Does swapping columns of a matrix cause the rows of the inverse matrix to be swapped? This question came up while I was performing some computation on a few matrices on an unrelated problem in computer science.
Let $A$ be an invertible matrix with columns $A_1, \dots A_n$. Let $B$ be its inverse, with rows $B_1, \dots, B_n$. Now construct a new matrix $\hat{A}$ by swapping two columns $A_i$ and $A_j$. Let $\hat{B}$ be the inverse of $\hat{A}$.
In my specific computations, I noticed that $\hat{B}$ was nothing more than $B$ with the rows $B_i$ and $B_j$ swapped. Is this always true? I doubt it was a coincidence because the numbers were quite random.

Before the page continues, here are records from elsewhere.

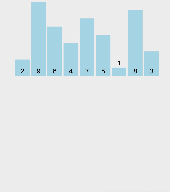思路:每一轮选取未排定的部分中最小的部分交换到未排定部分的最开头,经过若干个步骤,就能排定整个数组。
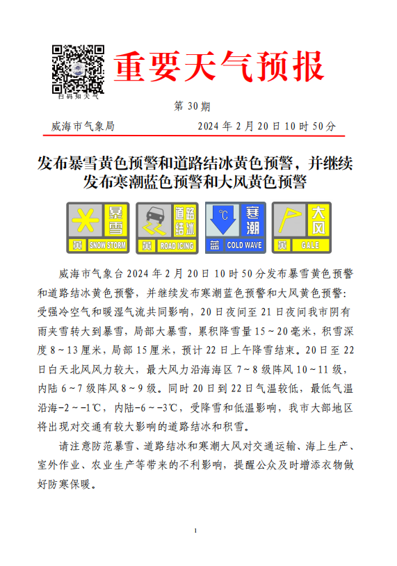 威海市气象台 2024 年 2 月 20 日 10 时 50 分发布暴雪黄色预警和道路结冰黄色预警,并继续发布寒潮蓝色预警和大风黄色预警:受强冷空气和暖湿气流共同影响,20 日夜间至 21 日夜间我市阴有雨夹雪转大到暴雪,局部大暴雪,累积降雪量 15~20 毫米,积雪深度 8~13 厘米,局部 15 厘米,预计 22 日上午降雪结束。20 日至 22日白天北风风力较大,最大风力沿海海区 7~8 级阵风 10~11 级,内陆 6~7 级阵风 8~9 级。同时 20 日到 22 日气温较低,最低气温沿海-2~-1℃,内陆-6~-3℃,受降雪和低温影响,我市大部地区将出现对交通有较大影响的道路结冰和积雪。
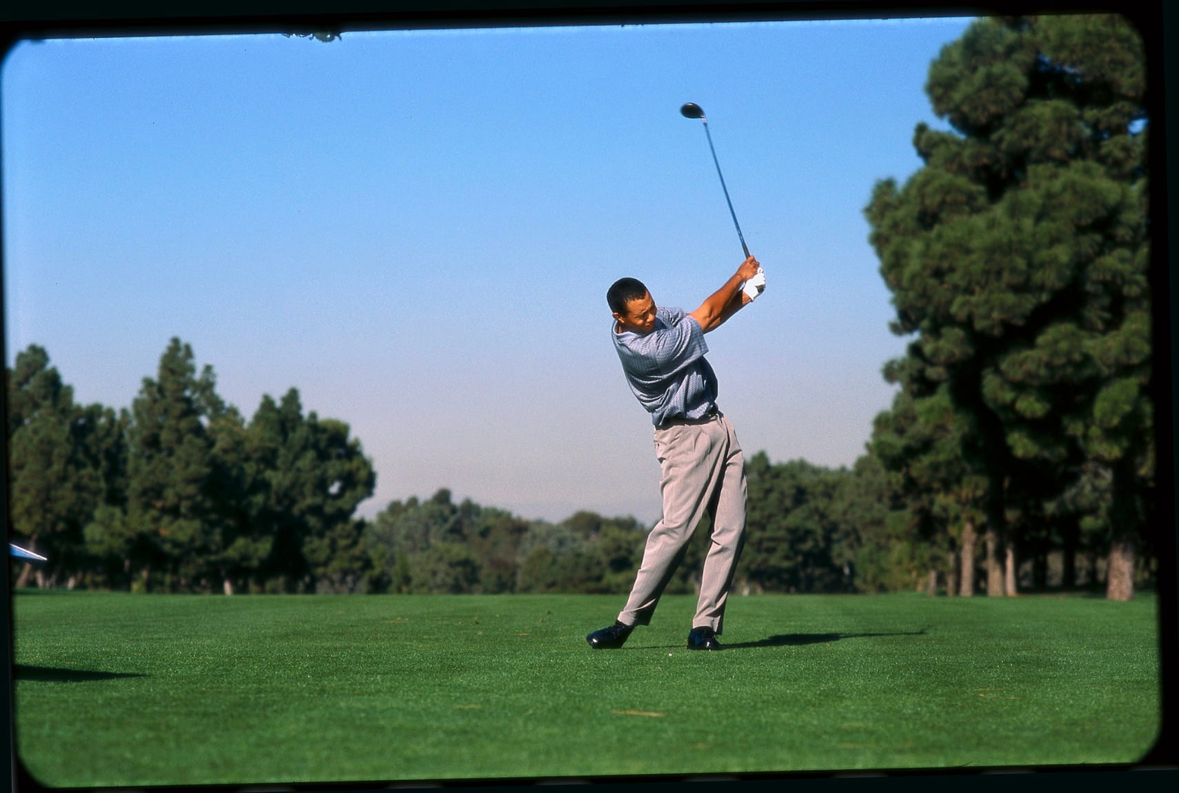 Chuyển động ngang mạnh mẽ ấy là sản phẩm của thời đại. Trong kỷ nguyên gậy gỗ persimmon, nhiều golfer buộc phải đẩy hông rõ rệt về phía mục tiêu để tạo lực. Với Tiger, điều đó còn mang tính tất yếu: kiểu cầm gậy mạnh kết hợp với mặt gậy khép đòi hỏi một cú trượt hông quyết liệt nhằm ngăn mặt gậy tiếp tục khép thêm khi tiếp xúc bóng.
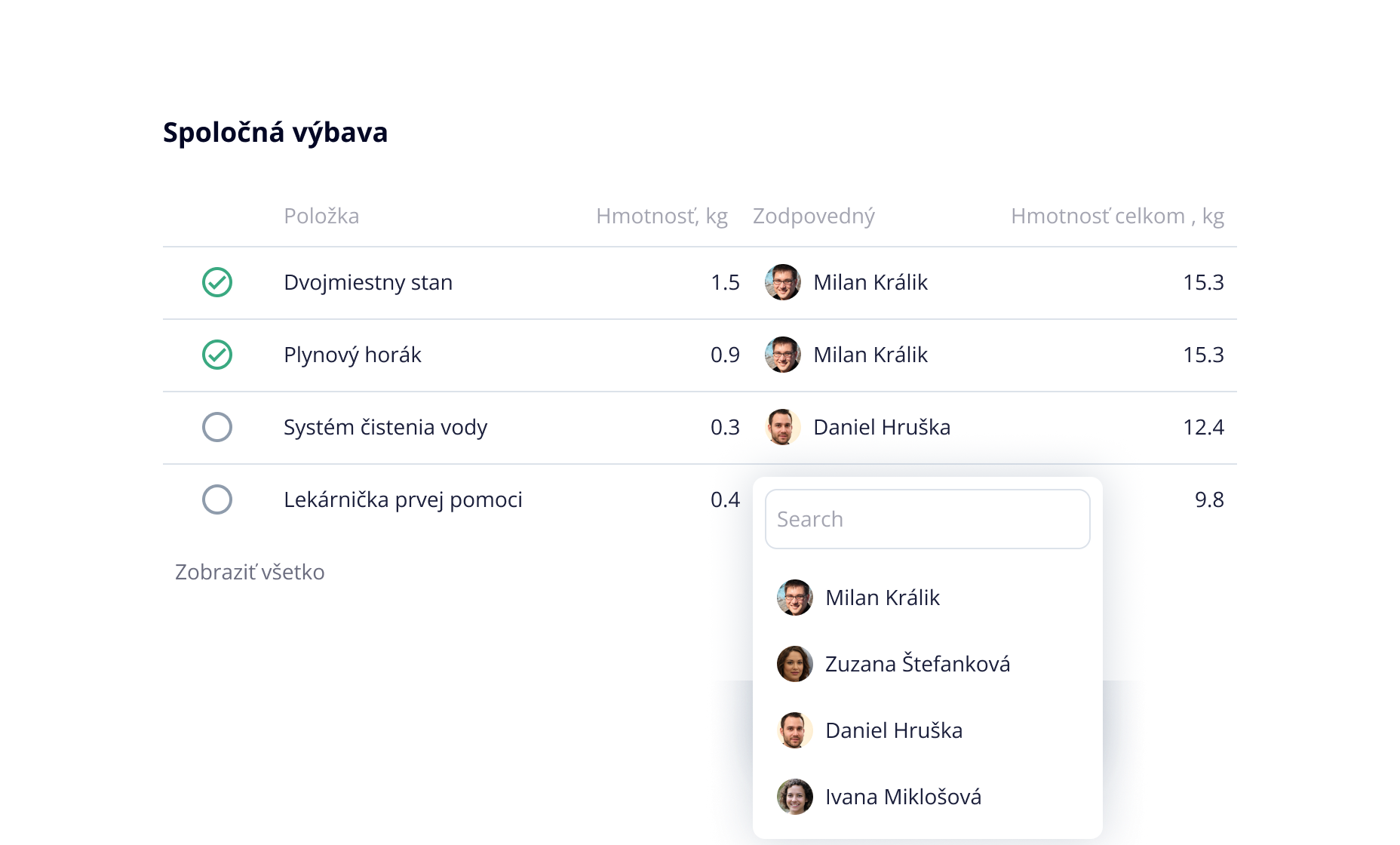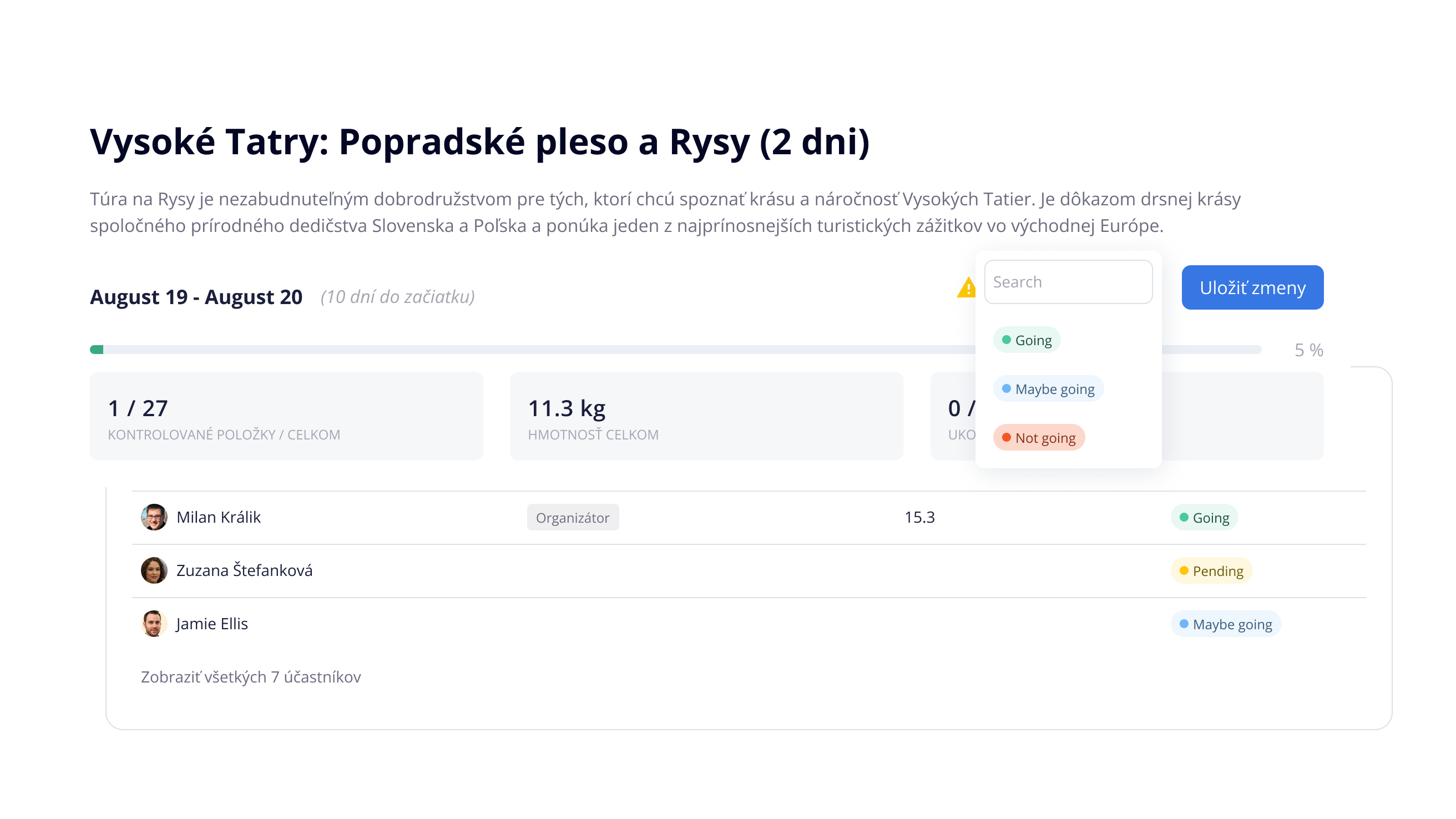 Pripravte svoj tím pomocou kontrolných zoznamov pre spoločné vybavenie a osobné veci, koordinujte úlohy a sledujte pokrok v reálnom čase

Note: I was working with real numbers but I'd be interested to know if the field makes any difference.
 A: Your observation is spot on. You can swap columns of a matrix by right-multiplying by a permutation matrix $P$ that is the identity matrix with the corresponding columns swapped: $\hat A = AP$. We then have $$\hat A^{-1} = (AP)^{-1} = P^{-1}A^{-1}.$$ $P$ is its own inverse, and left-multiplying by $P$ swaps the rows of $A^{-1}$ that are swapped in $P$.

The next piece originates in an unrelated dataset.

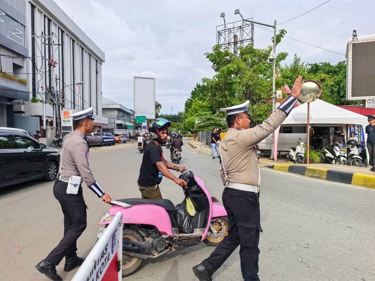 Kegiatan yang berlangsung dipusatkan di Jl. Percetakan dan Jl. Irian tepatnya di depan Pos Yasmin dengan dipimpin langsung oleh Kasat Lantas Polresta Jayapura Kota, AKP Muhammad Akbar, S.Sos, beserta personel gabungan lainnya.
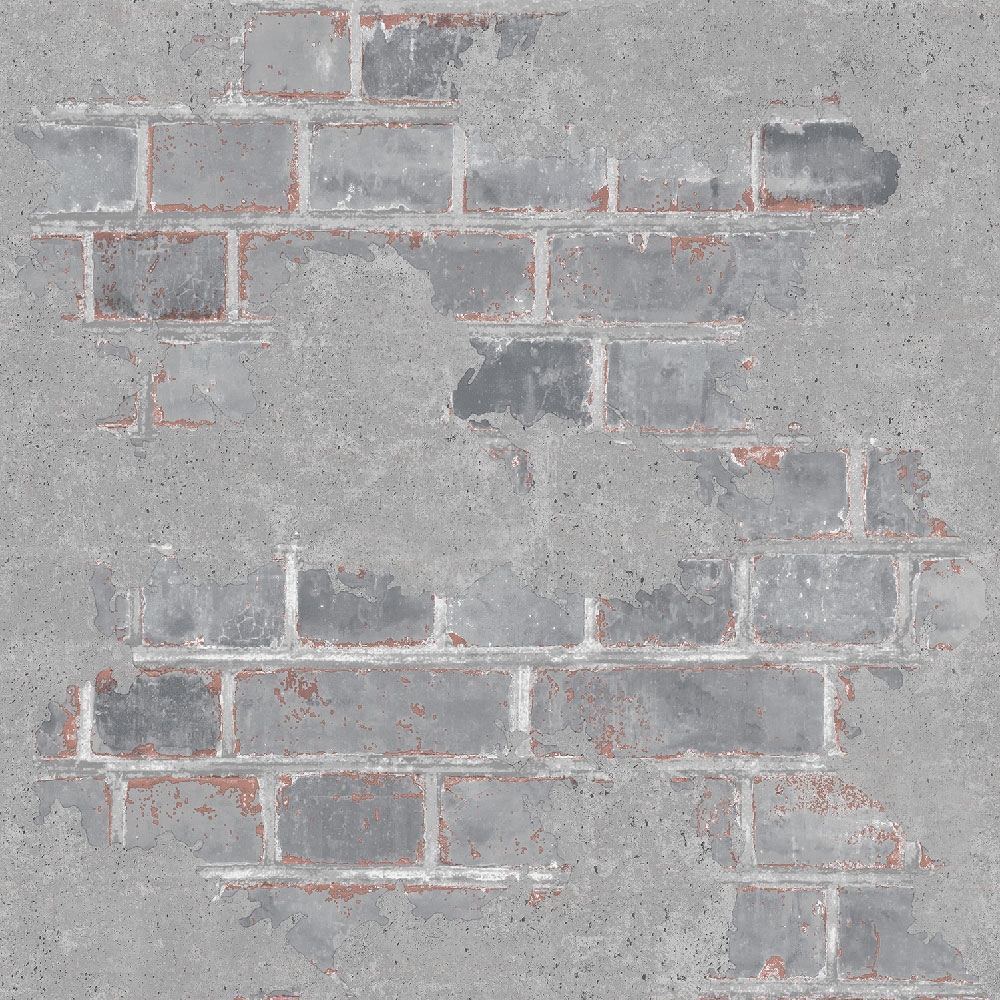 Netradiční design staré cihlové zdi se zbytky omítky. Omítka je plastická.

A: Yes, this is always true. Note that swapping columns $i$ and $j$ is equivalent to multiplying on the right side by the elementary matrix $T_{ij}$ which is defined by swapping rows $i$ and $j$ of the identity matrix. You can check that this matrix is the inverse of itself. Also, multiplying by $T_{ij}$ on the left side is equivalent to swapping rows $i$ and $j$. 
So if we call your matrix $A$ then $AT_{ij}$ is the matrix that you get that swapping columns $i$ and $j$. Then its inverse is $T_{ij}A^{-1}$ which is the matrix that you get when you swap rows $i$ and $j$ in $A^{-1}$. 
A: Another way to think of it: you are just re-numbering the basis for one of the vector spaces:  The domain space for $A$, which is the range space fo $A^{-1}$.